- [DATA UNDER STUDY]:

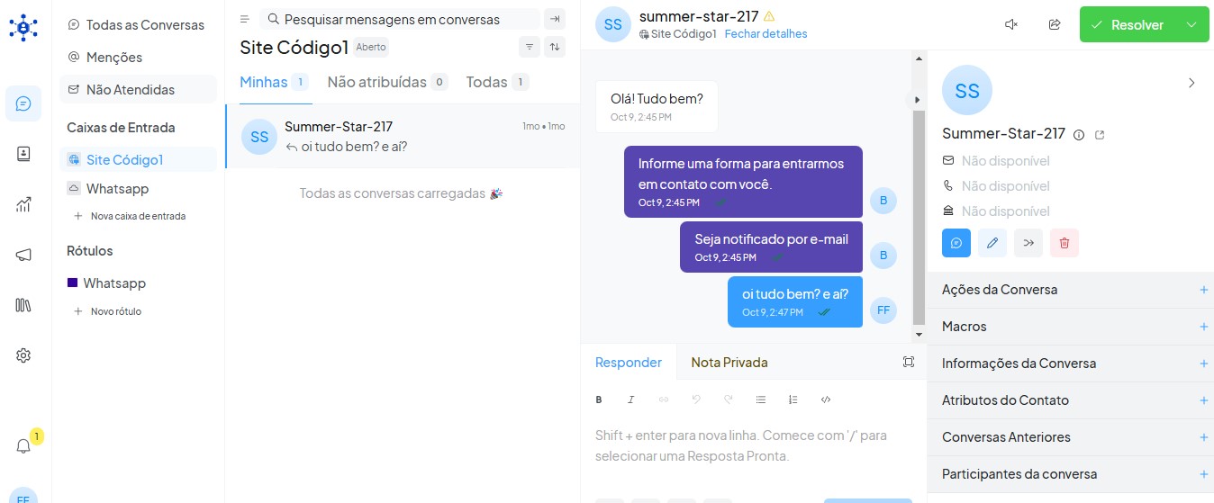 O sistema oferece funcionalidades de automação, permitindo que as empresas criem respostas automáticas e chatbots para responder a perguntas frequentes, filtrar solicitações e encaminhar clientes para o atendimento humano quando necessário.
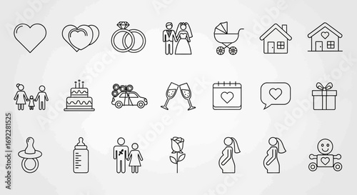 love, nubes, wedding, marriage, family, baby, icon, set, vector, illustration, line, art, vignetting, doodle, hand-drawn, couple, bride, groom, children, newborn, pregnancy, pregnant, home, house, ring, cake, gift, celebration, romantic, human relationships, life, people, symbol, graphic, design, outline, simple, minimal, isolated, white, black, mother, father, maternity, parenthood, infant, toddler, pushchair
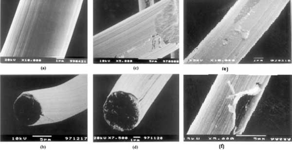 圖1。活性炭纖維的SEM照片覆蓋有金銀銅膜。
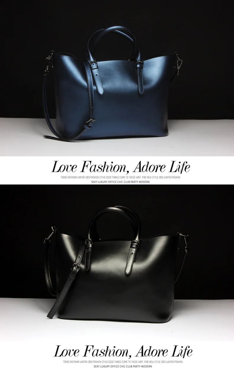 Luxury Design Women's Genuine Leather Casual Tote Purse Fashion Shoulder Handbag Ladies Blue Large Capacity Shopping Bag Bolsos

...

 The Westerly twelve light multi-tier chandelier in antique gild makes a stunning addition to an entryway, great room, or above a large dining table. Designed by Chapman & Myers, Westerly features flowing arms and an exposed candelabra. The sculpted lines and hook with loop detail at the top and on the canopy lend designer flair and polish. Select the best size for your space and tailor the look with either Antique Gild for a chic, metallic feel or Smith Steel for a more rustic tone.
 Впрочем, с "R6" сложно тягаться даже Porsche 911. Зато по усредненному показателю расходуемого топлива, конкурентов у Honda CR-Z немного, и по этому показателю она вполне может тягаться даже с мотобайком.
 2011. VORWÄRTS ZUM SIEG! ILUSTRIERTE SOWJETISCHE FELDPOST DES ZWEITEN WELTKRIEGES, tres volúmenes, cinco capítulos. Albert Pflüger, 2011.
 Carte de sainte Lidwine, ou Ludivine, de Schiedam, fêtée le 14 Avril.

...

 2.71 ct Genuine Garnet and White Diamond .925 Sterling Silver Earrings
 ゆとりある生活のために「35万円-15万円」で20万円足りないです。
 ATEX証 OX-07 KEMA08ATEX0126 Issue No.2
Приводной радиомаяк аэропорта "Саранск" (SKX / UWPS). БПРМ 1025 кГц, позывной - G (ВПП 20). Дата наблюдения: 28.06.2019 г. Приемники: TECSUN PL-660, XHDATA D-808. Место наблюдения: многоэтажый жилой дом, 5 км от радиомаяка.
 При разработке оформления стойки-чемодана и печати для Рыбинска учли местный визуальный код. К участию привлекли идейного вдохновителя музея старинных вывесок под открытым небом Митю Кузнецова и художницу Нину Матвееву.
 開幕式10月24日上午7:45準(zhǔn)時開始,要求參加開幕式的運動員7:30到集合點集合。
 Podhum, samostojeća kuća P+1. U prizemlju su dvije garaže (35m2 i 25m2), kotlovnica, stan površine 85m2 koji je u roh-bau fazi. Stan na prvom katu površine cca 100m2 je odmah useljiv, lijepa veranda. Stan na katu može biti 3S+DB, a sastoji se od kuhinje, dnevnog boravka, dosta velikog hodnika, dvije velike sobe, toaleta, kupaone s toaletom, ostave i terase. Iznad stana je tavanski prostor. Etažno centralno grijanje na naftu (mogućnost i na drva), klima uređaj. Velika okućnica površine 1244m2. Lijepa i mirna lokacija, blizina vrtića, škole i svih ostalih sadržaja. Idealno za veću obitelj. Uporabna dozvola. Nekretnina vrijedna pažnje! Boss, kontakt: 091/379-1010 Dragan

- [BRIEF]: Exactly the lines starting at the one above with "O sistema oferece" and ending at the one with "圖1。活性炭纖維的SEM照片覆蓋有金銀銅膜。" should be printed, and nothing else. Omit the pictures.

- [EXERCISE RESULT]:
 O sistema oferece funcionalidades de automação, permitindo que as empresas criem respostas automáticas e chatbots para responder a perguntas frequentes, filtrar solicitações e encaminhar clientes para o atendimento humano quando necessário.
 love, nubes, wedding, marriage, family, baby, icon, set, vector, illustration, line, art, vignetting, doodle, hand-drawn, couple, bride, groom, children, newborn, pregnancy, pregnant, home, house, ring, cake, gift, celebration, romantic, human relationships, life, people, symbol, graphic, design, outline, simple, minimal, isolated, white, black, mother, father, maternity, parenthood, infant, toddler, pushchair
 圖1。活性炭纖維的SEM照片覆蓋有金銀銅膜。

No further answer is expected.